Mid America Heart and Vascular Institute, St. Luke's Hospital, Kansas City, Missouri, USA.
Catheter Cardiovasc Interv. 2011 Sep 1;78(3):337-43. doi: 10.1002/ccd.23002. Epub 2011 Mar 16.
We assessed the potential for percutaneous coronary intervention (PCI) of a chronic total occlusion (CTO) to decrease myocardial ischemia and established objective criteria to predict post-procedure improvement.
Optimal treatment for CTO of coronary arteries is controversial, and selection criteria for PCI of CTO are subjective.

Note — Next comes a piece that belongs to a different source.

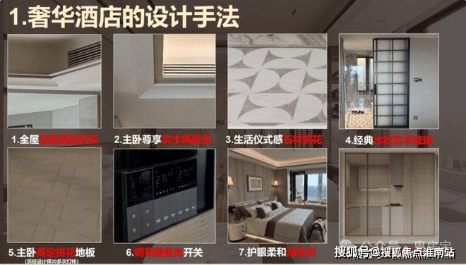 3.奢木:主卧使用奢品酒店同款拼花地板,次卧采用鱼骨拼地板,118户型使用影木实木贴皮木饰面,138户型使用橡木实木贴皮木饰面。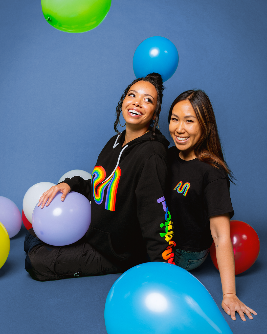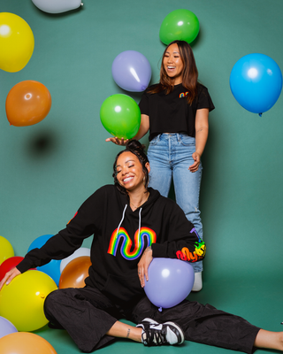 Two people wearing a black t-shirt and hoodie with a rainbow-colored "M" design surrounded by balloons.

All patients undergoing CTO PCI at a single center between 2002 and 2007 were included if myocardial perfusion imaging (MPI) was performed within 12 ± 3 months before and a follow-up study within 12 ± 3 months after PCI. Average summed difference scores were calculated and converted to percent ischemic myocardium to classify patients as having normal/minimal, mild, moderate, or severe ischemia. A significant improvement in ischemia following PCI was classified as an absolute ≥5% decrease in ischemic myocardium. Receiver operating characteristic (ROC) curves were used to identify ischemic thresholds predictive of decreased and increased ischemic burden on follow-up MPI.

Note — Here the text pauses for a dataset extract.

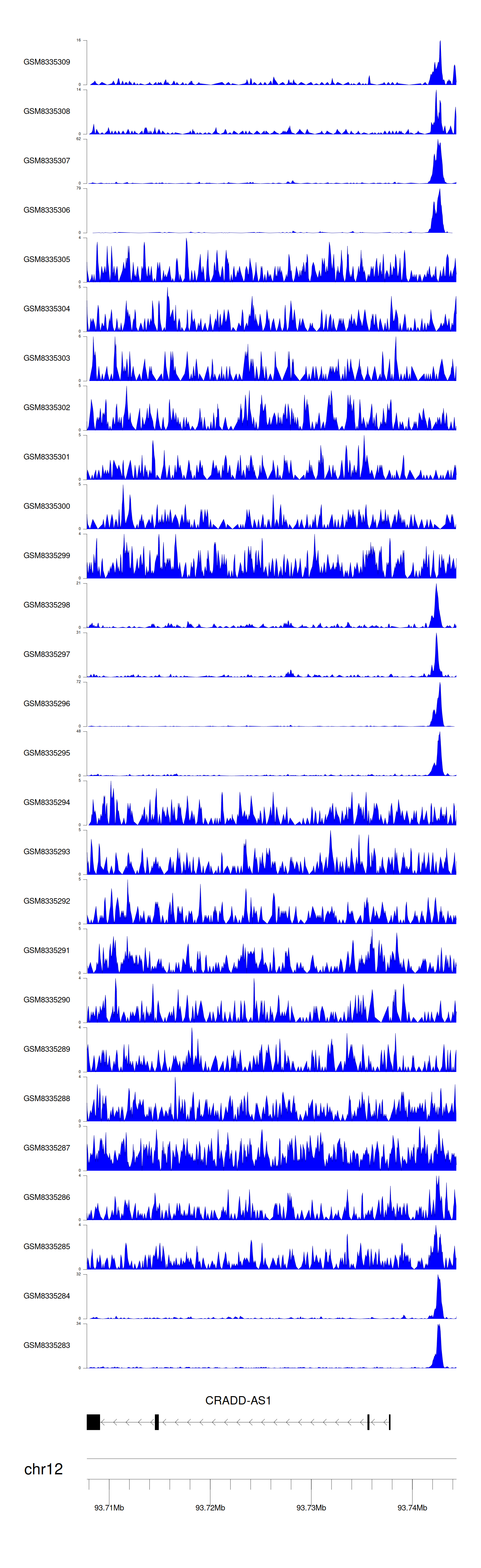 > Dataset: GSE131257 - CRADD-AS1 peak across samples

In 301 patients, average baseline ischemic burden was 13.1% ± 11.9% and decreased to 6.9% ± 6.5% (P < 0.001) during follow-up. Overall, 53.5% of patients met criteria for improvement following PCI. These patients were more likely to be male, without diabetes, with CTO in the left anterior descending artery, and classified as having high ischemic burden at baseline. ROC analysis identified a baseline 12.5% ischemic burden as optimal in identifying those most likely to have a significantly decreased ischemic burden post-PCI. Those with a baseline ischemic burden less than 6.25% were more likely to have an increased ischemic burden post-PCI.
Ischemic burden is reduced following CTO PCI, and the decrease is greater at high ischemic burden. A threshold of 12.5% ischemic burden is suggested as a criterion for performing PCI in the setting of CTO.

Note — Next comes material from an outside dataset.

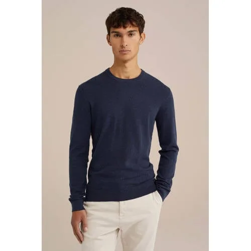 Een fijn gebreide heren trui van WE Fashion. Het model is voorzien van een ronde hals, lange mouwen en geribde boorden.

评估经皮冠状动脉介入治疗(PCI)慢性完全闭塞(CTO)的潜力,以减少心肌缺血,并建立预测术后改善的客观标准。
冠状动脉 CTO 的最佳治疗方法存在争议,CTO 的 PCI 选择标准是主观的。
如果在 PCI 前 12±3 个月内进行心肌灌注成像(MPI),且在 PCI 后 12±3 个月内进行了随访研究,则将在 2002 年至 2007 年间在单一中心接受 CTO PCI 的所有患者纳入研究。计算平均总和差值评分,并将其转换为缺血心肌百分比,以将患者分为正常/最小、轻度、中度或重度缺血。将 PCI 后缺血明显改善定义为缺血心肌绝对减少≥5%。使用接收器操作特征(ROC)曲线确定预测随访 MPI 上缺血负担减少和增加的缺血阈值。
在 301 例患者中,平均基线缺血负担为 13.1%±11.9%,随访时降至 6.9%±6.5%(P<0.001)。总体而言,53.5%的患者符合 PCI 后改善的标准。这些患者更可能是男性,没有糖尿病,CTO 在左前降支,并且基线时被归类为高缺血负担。ROC 分析确定基线 12.5%的缺血负担是识别最有可能在 PCI 后显著降低缺血负担的最佳指标。基线缺血负担小于 6.25%的患者更有可能在 PCI 后出现缺血负担增加。
CTO PCI 后缺血负担减少,高缺血负担时减少幅度更大。建议将 12.5%的缺血负担阈值作为 CTO 患者进行 PCI 的标准。